Jusqu’à la semaine dernière, la région toulousaine était assez épargnée par l’épidémie de coronavirus. Un temps mis à profit par les autorités sanitaires pour libérer des lits et se préparer à l’afflux de cas qui seront dans les jours à venir hospitalisés.

« Cette vague arrive, comme cela était prévu. Nous avons 125 hospitalisations au CHU de Toulouse, quarante sont en réanimation, contre huit vendredi dernier, vingt en soins intensifs. Il n’y a pas d’explosions des urgences, mais la santé des patients se dégrade rapidement lorsqu’ils sont pris en charge », a indiqué son directeur général, Marc Penaud, lors de son bilan désormais hebdomadaire.

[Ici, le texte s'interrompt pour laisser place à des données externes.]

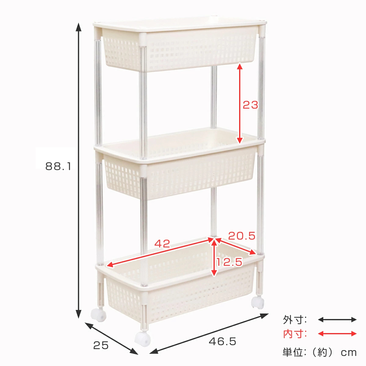 ランドリーバスケット バスケットワゴンスリム 3段 キャスター付 ( ランドリーワゴン ランドリー バスケット 収納 キャスター付き 日本製 洗濯カゴ 脱衣カゴ ランドリー収納 組立て簡単 キャスター 隙間収納 ホワイト )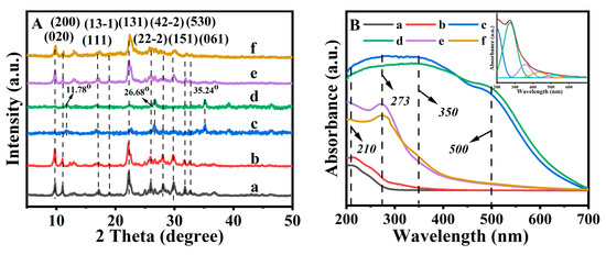 XRD patterns (A) and diffuse reflectance UV-vis spectra (B) of CP (a), NH4−CP (b), Fe(0.03) −H(0.00) −CP−9 (c), Fe(0.06) −H(0.00) −CP−9 (d), Fe(0.03) −H(0.05) −CP−9 (e), and Fe(0.06)−H(0.07)−CP−9 (f).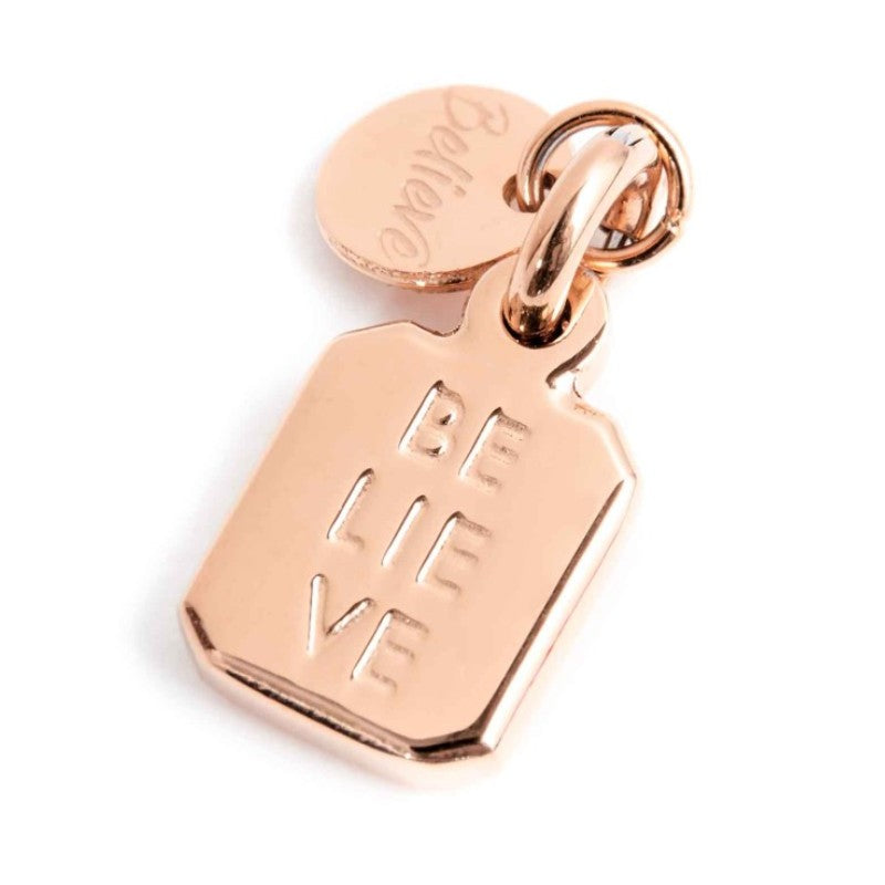 Charm in acciaio Rosé Madonna rettangolare.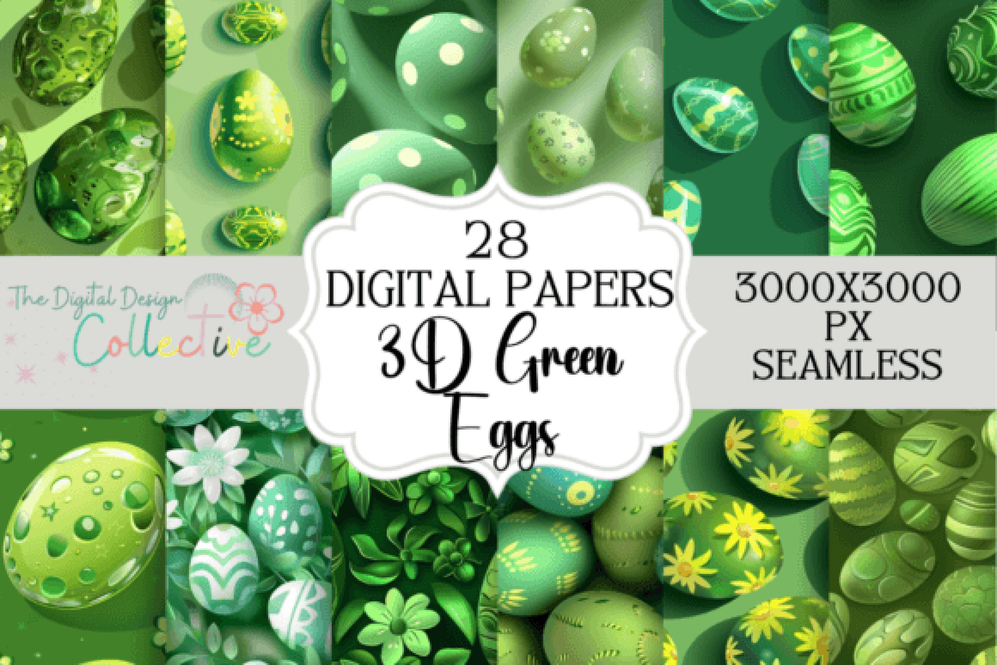 Enhance your Easter crafts with our Seamless 3D Green Easter Egg Patterns Collection, featuring vibrant, intricate designs perfect for festive decorations and digital projects.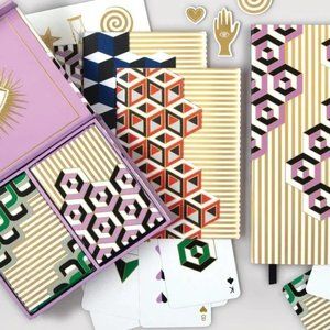The Jonathan Adler Versailles Boxed Die-cut Notecard Set features Adler’s signature pattern dynamically deconstructed for a 21st-century twist, classic-meets-cutting edge, treating graphic greatness to gobs of gold.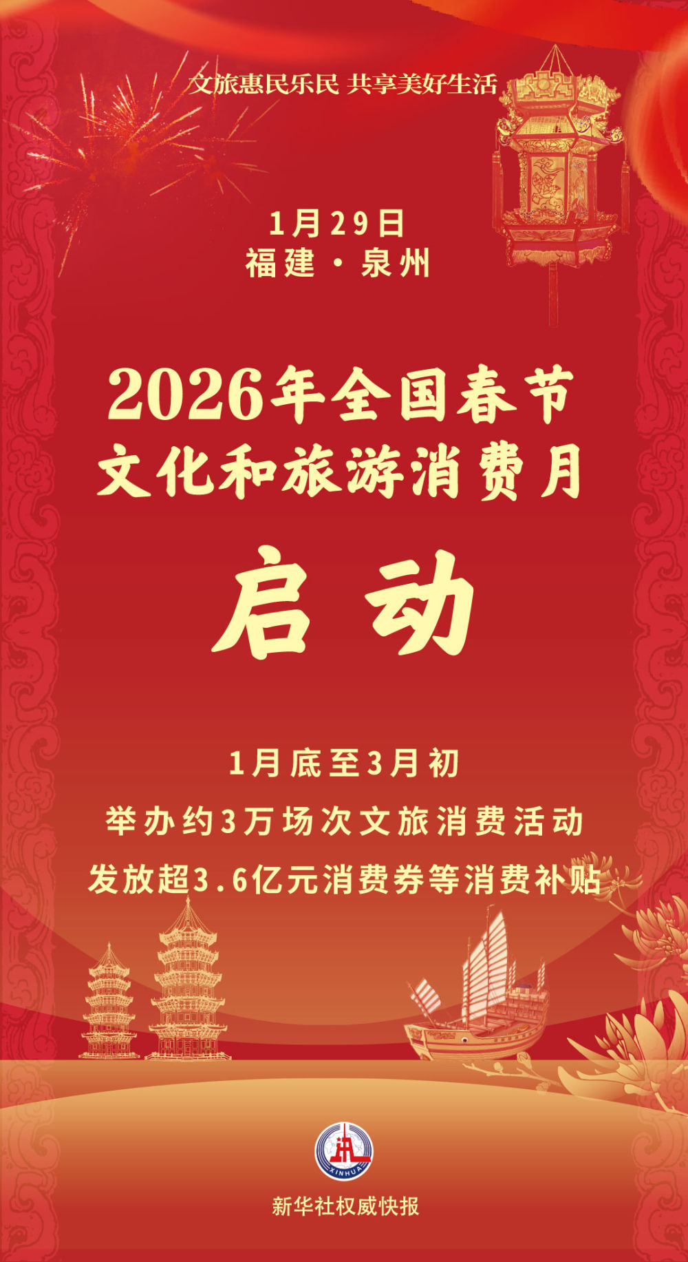 1月29日,文化和旅游部在福建省泉州市正式啟動2026年全國春節(jié)文化和旅游消費月,組織各地圍繞春節(jié)假期開展文旅消費惠民活動,更好滿足人民群眾“歡歡喜喜過大年”美好生活需要。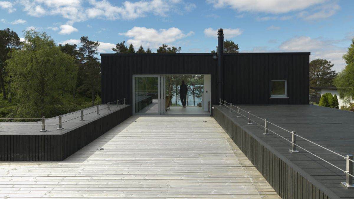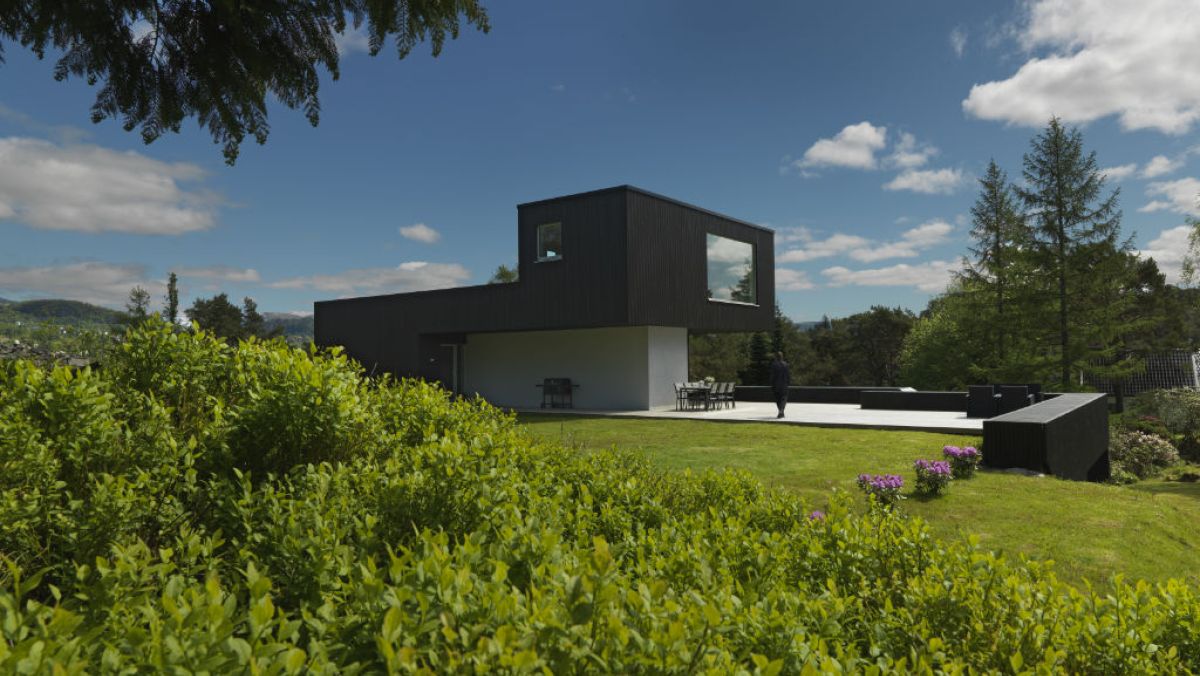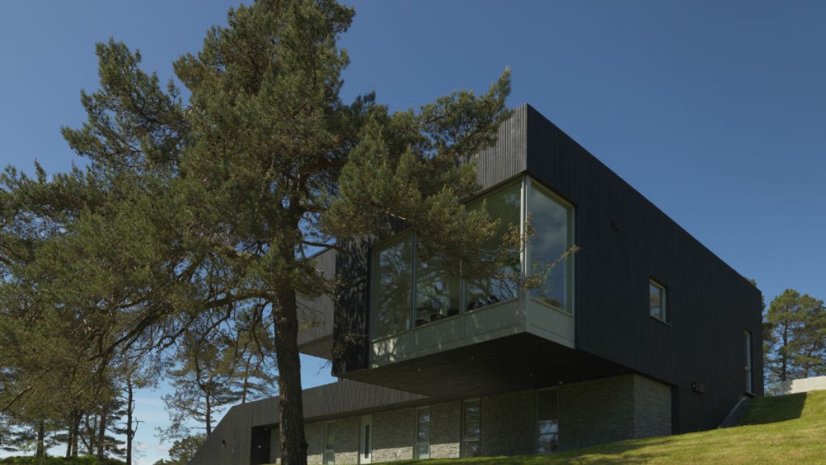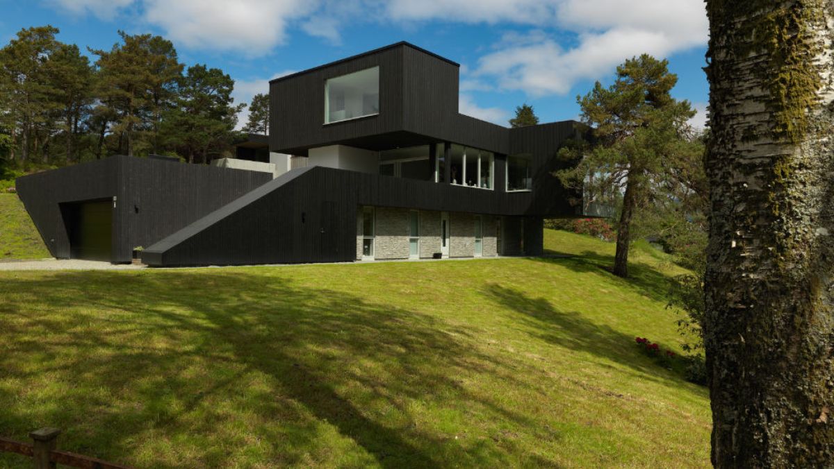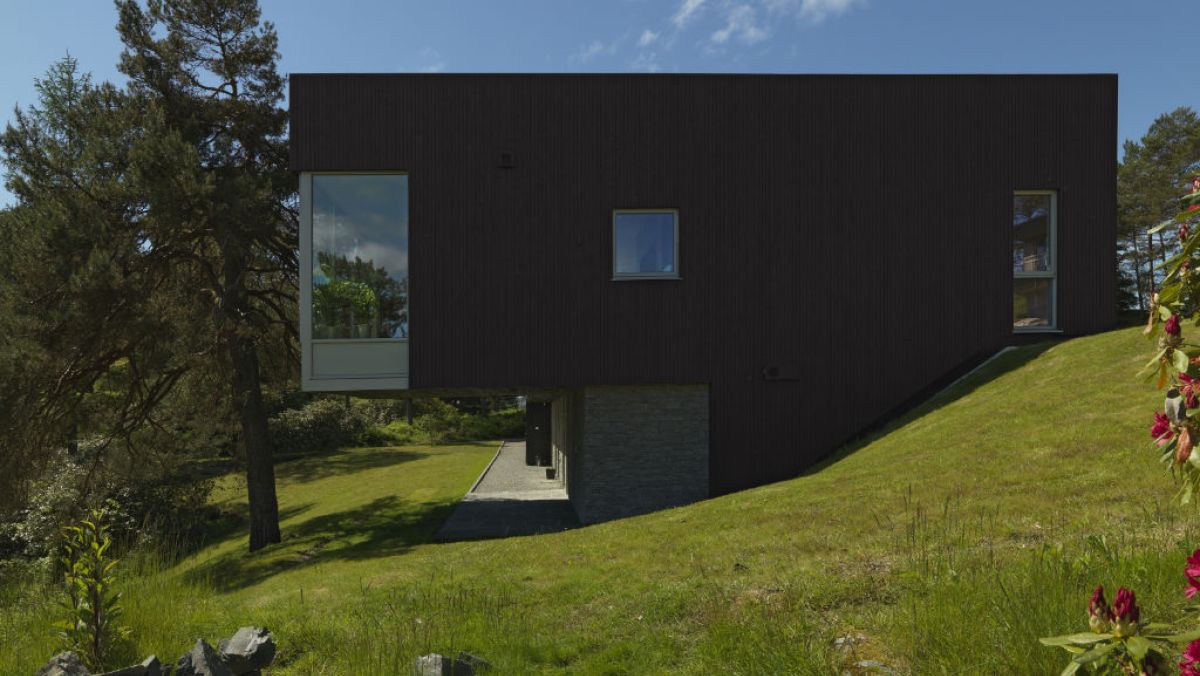 Bolig fra Saunders Architecture. Nydelig designet hus over 3 plan med store terrasser og utearealer. Bærekonstruksjoner i tre, stål og betong. Eksteriør hovedsakelig av tre, men med innslag av puss og stein.

En une semaine, le CHU compte donc cinq fois plus de personnes en réanimation, dont 90 % sont placées en coma artificiel et sous respirateur. Le nombre de patients Covid-19 positif hospitalisés augmente de 25 % chaque jour.

Beaucoup de patients de 55-65 ans

Avec parfois des cas jeunes. Comme cet homme de 22 ans hospitalisés au cours de la nuit dernière qui présente des comorbidités. « Un autre est âgé de 30 ans et a de lourds antécédents médicaux. Mais la moyenne d’âge la plus importante de nos patients se trouve entre 55 et 65 ans, avec très peu de comorbidités, avec parfois un peu d’hypertension », détaille de son côté le docteur Béatrice Riu-Poulenc, cheffe du service de réanimation à l’hôpital Purpan.

Si quatre personnes sont décédées depuis le début de l’épidémie au CHU, quinze jours après la prise en charge des premiers patients, cette responsable a donné une lueur d’espoir dans ce contexte morose. « La première vague est en train de se réveiller, deux patients ont pu être extubés, on commence à avoir des chiffres sanitaires pour les 55-65 ans plutôt bons, mais cela intervient après 15 jours de ventilation », souligne-t-elle, soulignant au passage l’engagement sans borne de ses équipes.

Et dans les cas graves de détresse respiratoire, c’est un passage obligé. En temps normal, les hôpitaux de Rangueil et Purpan disposent de 87 lits de réanimation. « On peut monter à 197 patients intubés et ventilés. Si nous devions passer au-delà de 200 patients, nous serions dans le même contexte que celui d’une médecine de catastrophe », poursuit Béatrice Riu-Poulenc.

Dans ce cadre-là, deux patients pourraient se retrouver intubés et ventilés dans la même chambre. Pour l’instant le département se trouve dans une phase ascendante « qui devrait se poursuivre durant deux semaines », explique le professeur Pierre Delobel, responsable du service des maladies infectieuses. Reste à voir si cette courbe se stabilisera à l’issue de cette période, bénéficiant ainsi des effets du confinement.

40 patients dans l’essai Discovery

En attendant, certains patients des hôpitaux voisins sont rapatriés à Toulouse. « Nous sommes déjà intervenus à Carcassonne à plusieurs reprises pour soulager leur service réanimation et qu’il ne soit pas à saturation », indique Vincent Bounes, le patron du Samu 31.

Et au-delà de la ventilation, une partie de ces cas graves bénéficient, au cas par cas, de traitements, que ce soit au remdésivir, au lopinavir ou à l’hydroxychloroquine. A partir de samedi, quarante patients diagnostiqués positifs et hospitalisés à Toulouse intégreront l’essai européen Discovery qui doit évaluer l’impact de quatre traitements, dont celui de l’hydroxychloroquine.